== Exercise objective ==
In the material below, find the line containing "[Ideaal voor meerdere" and output it and all lines after it exactly, through the last one, without the pictures.

== Input ==
-*-

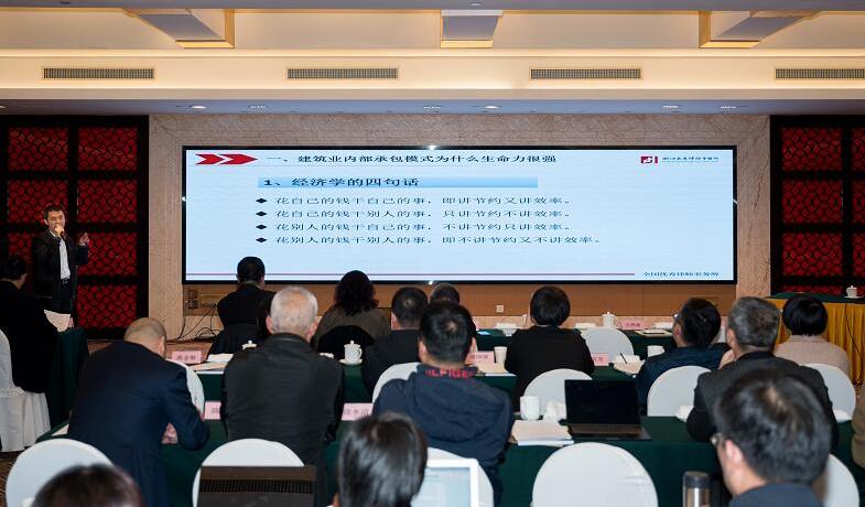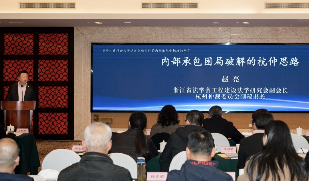 学术研讨会第二单元主题为“关于构建符合民营建筑企业实际的内部承包制标准的研讨”,由绍兴市法学会建筑与房地产法学研究会顾群英副会长主持。浙江省法学会工程建设法学研究会副会长、杭州仲裁委员会副秘书长赵亮先生以“内部承包困局破解的杭仲思路“为题,交流了仲裁机制对处理工程领域内部承包纠纷的价值与要求。浙江省法学会工程建设法学研究会秘书长、浙江东鹰律师事务所合伙人杨国锋律师以辨析工程领域内部承包模式与转包、挂靠边界为切入点,在内部承包构成要件问题上提出了自己的想法。浙江省法学会工程建设法学研究会常务理事、浙江省三建建设集团有限公司副总法律顾问胥袁女士立足建筑业法务工作第一线,提供了建工企业关于模拟股份制经营模式的探索经验。江苏省住建集团有限公司法务总监潘春祥先生以案例分享方式,就当前形势下施工企业工程款债权难兑现问题分享了破局思路。浙江省法学会工程建设法学研究会副会长、中天控股集团有限公司法务总监陈剑先生,重点剖析了民营建工企业推行内部承包制的历史价值与尴尬现状。
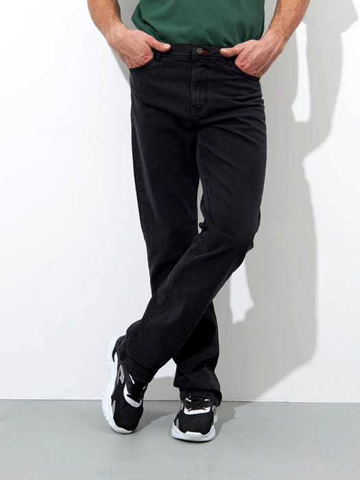 Мужские модные джинсы с пятью карманами. Посадка Regular fit (полуоблегающие по бедру), высокая талия. Застежка на молнии. Выполнены из слабоэластичной ткани denim comfort stretch, цвет ткани Black/Black (лицевая и изнаночная стороны ткани черные). Темная стирка с потёртостями  только по швам.
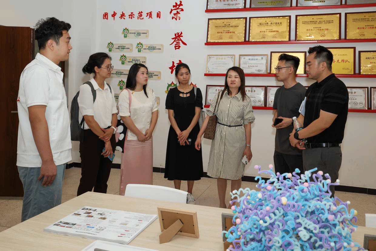 会后,吴梁洲、聂浩虹、李创带领参观“小手炉”辅导员学雷锋育人实践工作室。重庆城市职业学院商学院团总支书记马容表示,感受到了我院“书院式公寓”的浓厚氛围感,对辅导员工作室建设的优秀成果表示肯定。聂浩虹向重庆城市职业学院商学院的领导和老师详细介绍了工作室的建设情况,强调了培养学生用实际行动回报社会服务群众,以此为基础提升学生的思想道德修养的建设初衷,并进一步介绍了“小手炉”辅导员学雷锋育人实践工作室的示范性项目、荣誉表彰、开云电子平台_开云(中国)成果和科学研究成果。聂浩虹向杨翠书记介绍,工作室要在聚焦育人主业的基础上采用“小切口、大纵深”的思路开展建设工作,就一定能做出成效。
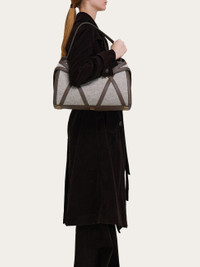 This Hug soft bag stands out thanks to its canvas-like look: the cotton base fabric is woven with a mix of yarns derived from upcycled leather, combined with other fibers to create the final textured appearance. Diagonal leather stripes form a distinctive diamond pattern, offering a fresh interpretation of this model. The diagonal stripes create bold geometric patterns, in line with the contemporary mood of the design. Lined interior with flat pocket. - A) Height 12.0 IN B) Length 15.7 IN C) Width 5.9 IN - Composition: canvas and calfskin - Handle drop: 5.5 in/14 cm - Large - Made in ITALY - Product code: 21A255 785998
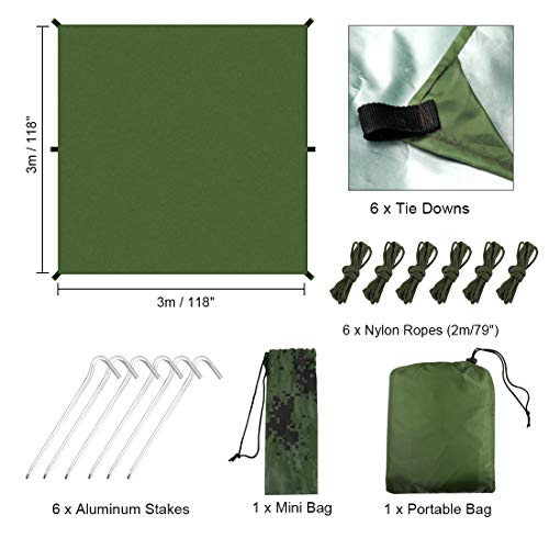 [Ideaal voor meerdere toepassingen]: 3 m x 3 m formaat dat kan voldoen aan uw behoeften voor buitenactiviteiten. Het is een uitstekende onderdak voor uw hangmat, auto, kleding, afgelegen keuken of hond. Ideaal voor kamperen, backpacken, sportevenementen, festivals, picknick en strand
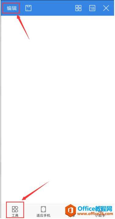 第三步,文档打开之后,点击页面左上方的【编辑】,然后点击左下角的四个小方格的【工具】:
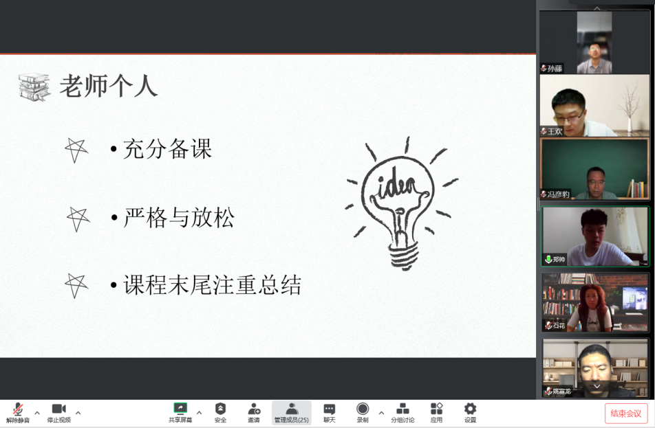 郑帅老师从学生的课堂管理、课程的教学质量、老师的授课方式三个方面进行了分享,线上教学通过难易问题的结合,保证课堂的活跃度,鼓励学生的发言,激发学生课堂的参与度,关注不常发言的学生,给足思考问题的时间;课程要难易结合,储备课程相关的课外的知识,丰富课堂内容,积极了解新事物,和学生产生共鸣。老师个人要充分备课,采用严格与放松的课堂管理,课程末尾注重总结。
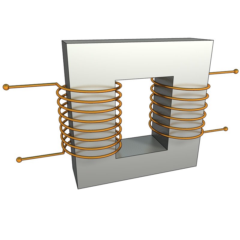 Eine eher symbolische Darstellung eines Transformators mit 8 und 6 Windungen
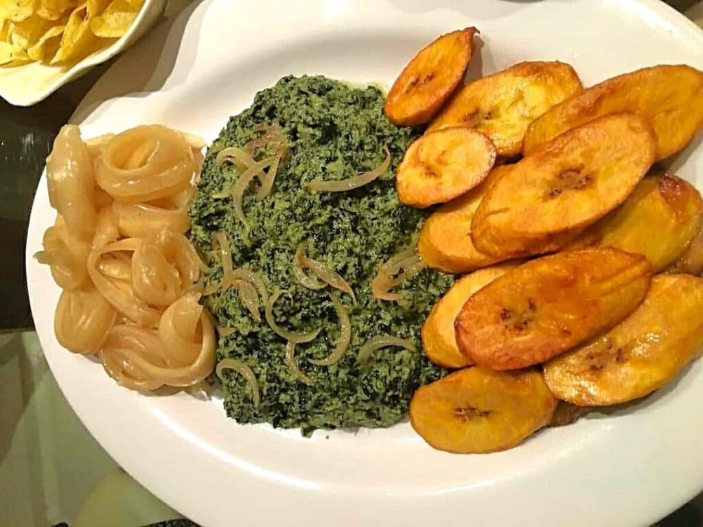 – Folong aux arachides. Légume vert, le folong est riche en vitamine A et B2. C’est un épinard qui cuisiné avec l’arachide flatte le goût. C’est un plat végétarien où peut être incorporée la viande. Il s’accompagne de divers compléments, manioc, plantain, macabo, pour ne citer que ceux-là.
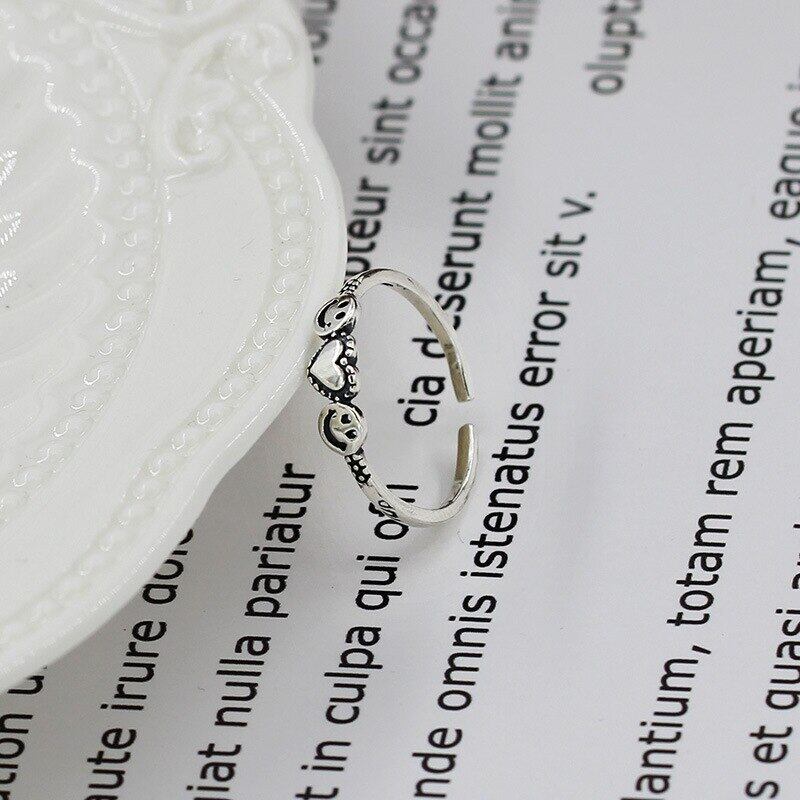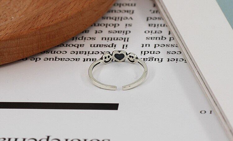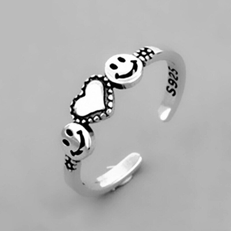 送料無料 ANENJERYシルバーカラー笑顔タイシルバーリングシンプル可憐なラブハートオープンリング女性パーティージュエリーギフトS-R605 指輪 銀 アクセサリー AE165582257378977

-*-

== The answer ==
 [Ideaal voor meerdere toepassingen]: 3 m x 3 m formaat dat kan voldoen aan uw behoeften voor buitenactiviteiten. Het is een uitstekende onderdak voor uw hangmat, auto, kleding, afgelegen keuken of hond. Ideaal voor kamperen, backpacken, sportevenementen, festivals, picknick en strand
 第三步,文档打开之后,点击页面左上方的【编辑】,然后点击左下角的四个小方格的【工具】:
 郑帅老师从学生的课堂管理、课程的教学质量、老师的授课方式三个方面进行了分享,线上教学通过难易问题的结合,保证课堂的活跃度,鼓励学生的发言,激发学生课堂的参与度,关注不常发言的学生,给足思考问题的时间;课程要难易结合,储备课程相关的课外的知识,丰富课堂内容,积极了解新事物,和学生产生共鸣。老师个人要充分备课,采用严格与放松的课堂管理,课程末尾注重总结。
 Eine eher symbolische Darstellung eines Transformators mit 8 und 6 Windungen
 – Folong aux arachides. Légume vert, le folong est riche en vitamine A et B2. C’est un épinard qui cuisiné avec l’arachide flatte le goût. C’est un plat végétarien où peut être incorporée la viande. Il s’accompagne de divers compléments, manioc, plantain, macabo, pour ne citer que ceux-là.
 送料無料 ANENJERYシルバーカラー笑顔タイシルバーリングシンプル可憐なラブハートオープンリング女性パーティージュエリーギフトS-R605 指輪 銀 アクセサリー AE165582257378977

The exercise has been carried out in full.